No, but I am asking for a piece of the equity.

My 10-year-olds take for granted that they can call their friends with Skype, that they can get applications on their handsets, and so they inspired me to see where the world of technology is going. And as a result, I've spent a lot of time - practically every other week - in the Bay Area. And I got a close-up look at a lot of the start-up companies that are focused on the media space, or that are focused on the transition from entertainment. I joined the board of Max Levchin's company, Slide. I've advised Max as he's been building what is probably one of the largest social entertainment companies in the world and the principal developer of Facebook apps. Right now, Slide has over 130 million people using its applications each month and they've created an entire ecosystem for users to build and sell virtual goods.

I've also spent a lot of time in places like China, looking at how their culture and technology is changing. I started off with a visit with my 16-year-old, and we spent a couple of days cool-hunting in Shanghai with a friend. We went to look at things like user-generated content in which users were creating their own T-shirts, and people building their own computers, for example. This was all happening in a place where the mobile handset has already leap-frogged the PC.

As a result of that, I think I have a different glance of the future than I would've had before.

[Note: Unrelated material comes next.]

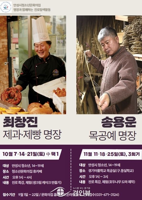 안성시청소년문화의집에서는 매년 관내 청소년을 대상으로 청소년들을 위한 다양한 진로탐색 프로그램을 운영 중이며 올해는 각 분야 명장과 함께하는 프로그램을 마련했다.

Does part of that glimpse include what Michael Wolf's future might be?
Yes, and to a large extent it comes back to the lens I've gained on the world. We're at a turning point, where it's much easier, given what's happening with technology, and what's happened with business, for new, small companies to not only disrupt big companies, but actually to reach into the hearts of those businesses and take away their sweet spots.

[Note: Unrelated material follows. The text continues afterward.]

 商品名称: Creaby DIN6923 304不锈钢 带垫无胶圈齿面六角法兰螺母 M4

I think we're going to see this over and over again, and not just with traditional media companies. We're seeing this with newer digital media companies, too, like when eBay became an established company, Google came along and overbuilt eBay. Or, likewise, what we've seen with the progression of users from MySpace to Facebook and now to Twitter. In each case, there are going to be a lot of new businesses and applications that emerge.

So it sounds like it's more likely that you will do something entrepreneurial than go back to a C-level role in a big media company?
All I can tell you is that the areas I'm focusing on are going to be driven much more by the tailwinds of technology.

So how has all this changed your perception of the industry and how are you going to bring that to market?
I have a perspective now on how the worlds of media and technology are going to collide versus converge. There's a whole new wave of things that are about to come down the pike that will change not just the way that people consume and use technology and content and tools and applications, but also the whole way that this world of media and technology work. Just to give you some examples, we're going to have an explosion of virtual goods and virtual currencies, which creates almost a whole new economy in which it's not about companies creating it, but about people creating it. Today, we can see - in just about any of the social application sites - people are actually creating their own virtual goods, and making money in the same way they used to make it on eBay.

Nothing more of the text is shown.